One section is titled, How Fictional Can Fiction Afford to Be? Here's the first paragraph.

Every story you write must be true, at least to some extent. There are, of course, many levels of truth: The story must be true to the human spirit, to the basic realities of life. If it doesn't contain real feelings of love, lonliness, mirth, glory, disappointment, horror, or whatever, it is a lie [italicized in the book] in the worst sense, and wholly unconvincing, no matter how realistic its setting or subject matter.

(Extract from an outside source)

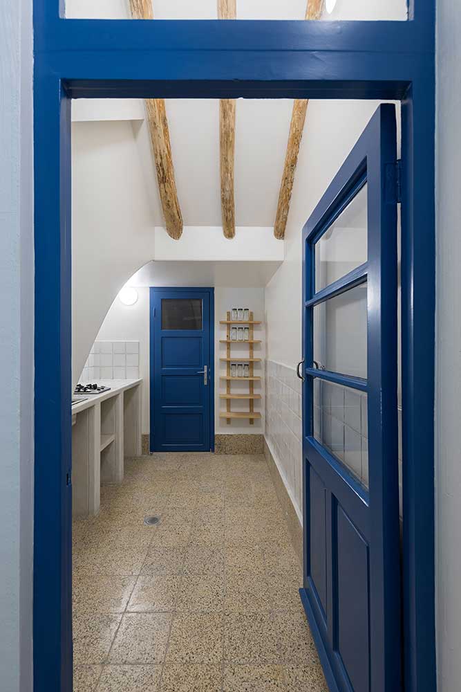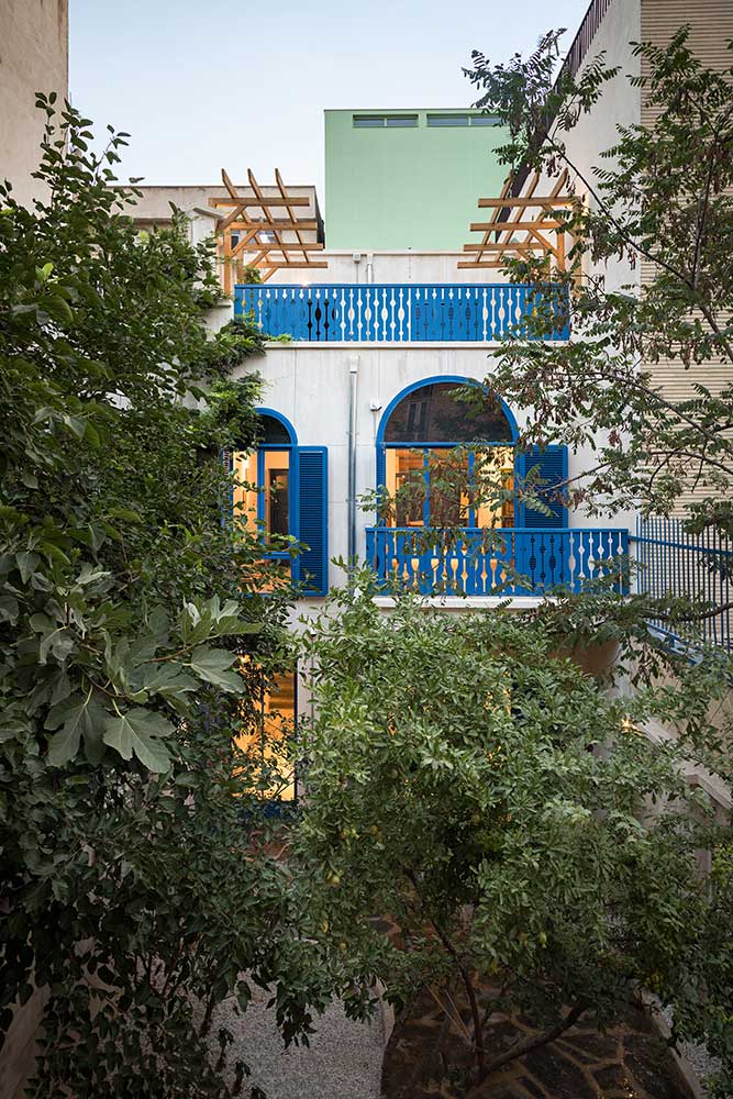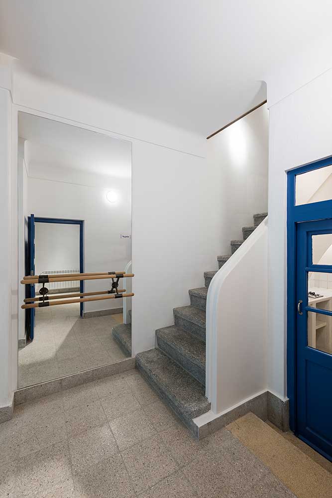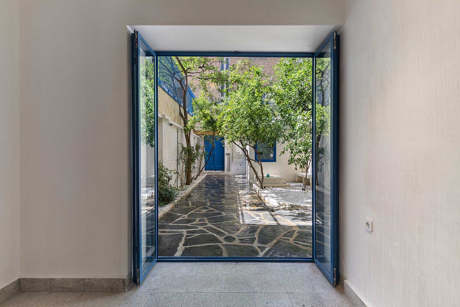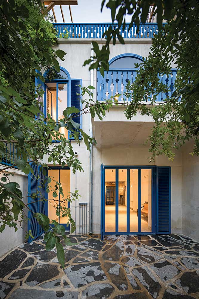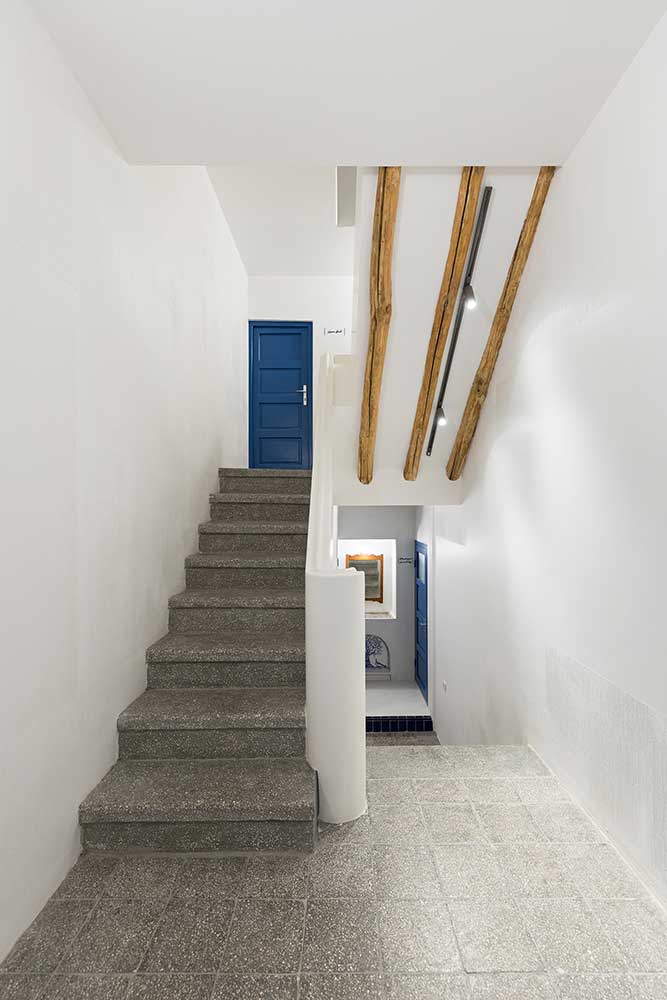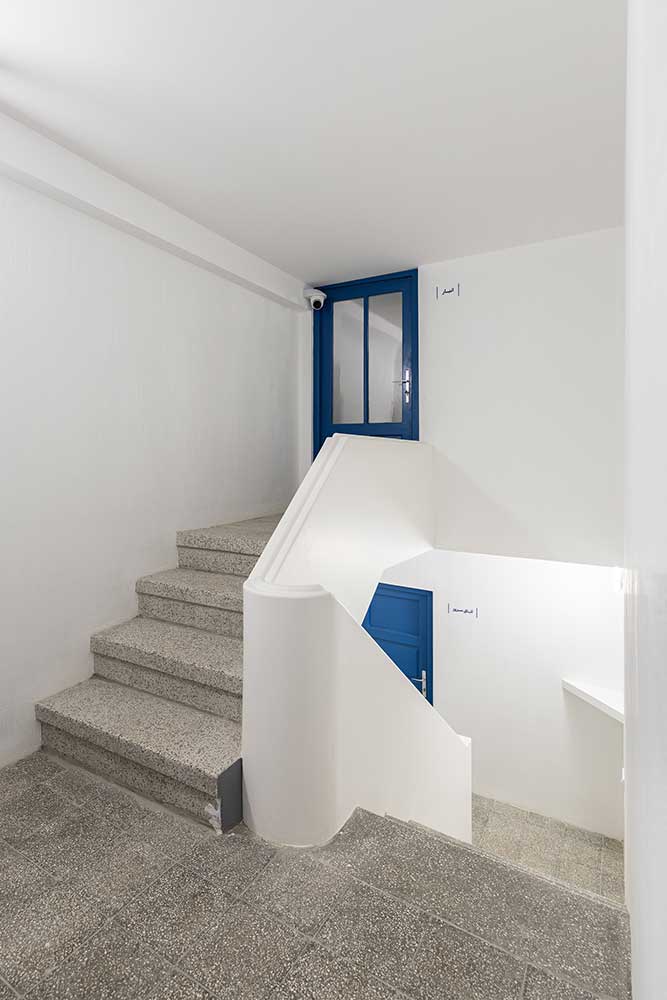 During the restoration of the building’s plasterwork, our attention was drawn to the brickwork and the old wooden lintels above the doors and windows. In some parts of the building, this valuable brickwork was cleaned of plaster, repointed, and left exposed, becoming one of the project’s signature elements. Other valuable features, such as the plaster handrail on the staircase, the terrazzo stairs, the wooden lintels above the doors, the wooden doors, and the main façade of the building, which was finished with washed cement, were repaired, restored, and in some cases, rebuilt to match the original designs.
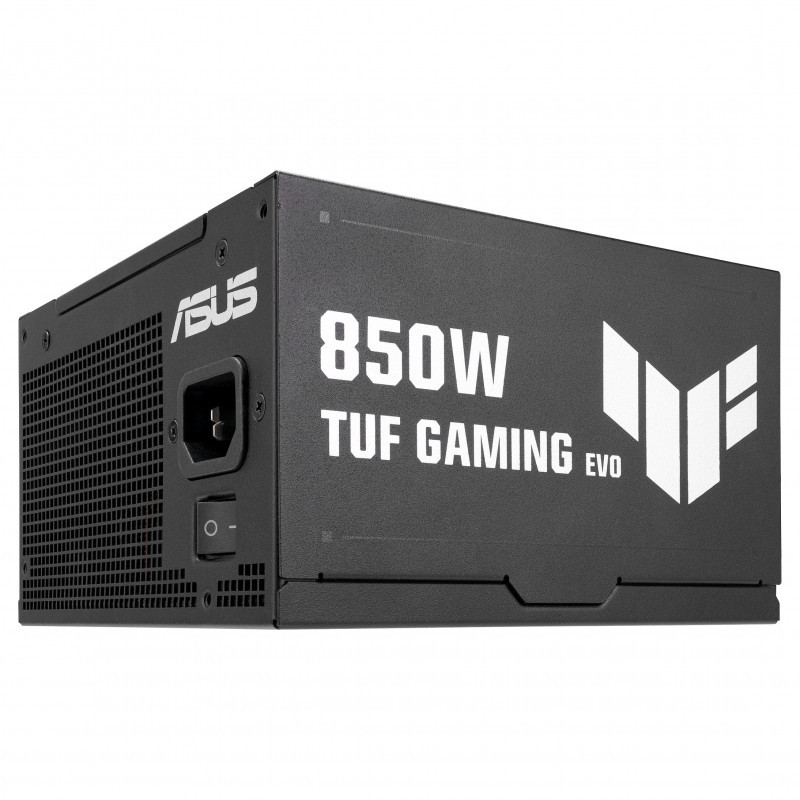 "ASUS TUF-GAMING-850G-EVO. Total power: 850 W, AC input voltage: 100 - 240 V, Power Factor Correction (PFC) type: Active. Motherboard power connector: 20+4 pin ATX, Motherboard power cable length: 50 cm, SATA power cable length: 400,120 mm. Purpose: PC, Power supply unit (PSU) form factor: ATX, 80 PLUS certification: 80 PLUS Gold. Product colour: Black, Cooling type: Active, Number of fans: 1 fan(s). Cables included: CPU, PCIe, Peripheral (Molex), SATA"\n"TUF Gaming Gold EVO Series

Oooh, I want that book now.
Anyway that helps prove the point I was getting at.  Of course a story has to contain elements of who we are.  That's how people connect with a story in the first place.  I was talking about "realism" in terms of real life science, setting and whatnot.  Just because ME is science fiction does not mean it has to emulate real life perfectly. 

(I'm using something MovieBob once said here)
I'm just saying that fiction shouldn't be used to bash the science, but at the same time science shouldn't be used to bash the fiction.  It's science fiction, therefore a balance needs to be struck where people can be that hero, but still feel that human connection with Shepard.  I think multiple endings can achieve that because people differ in their perception of Shepard. 

Death is not the only way to get drama.  Drama can be achieved through other means.  Allowing the player the ability to save their squad is not a bad thing as long as it is challenging, it makes sense within the established lore, it doesn't compromise any other ending, and drama is used wisely elsewhere.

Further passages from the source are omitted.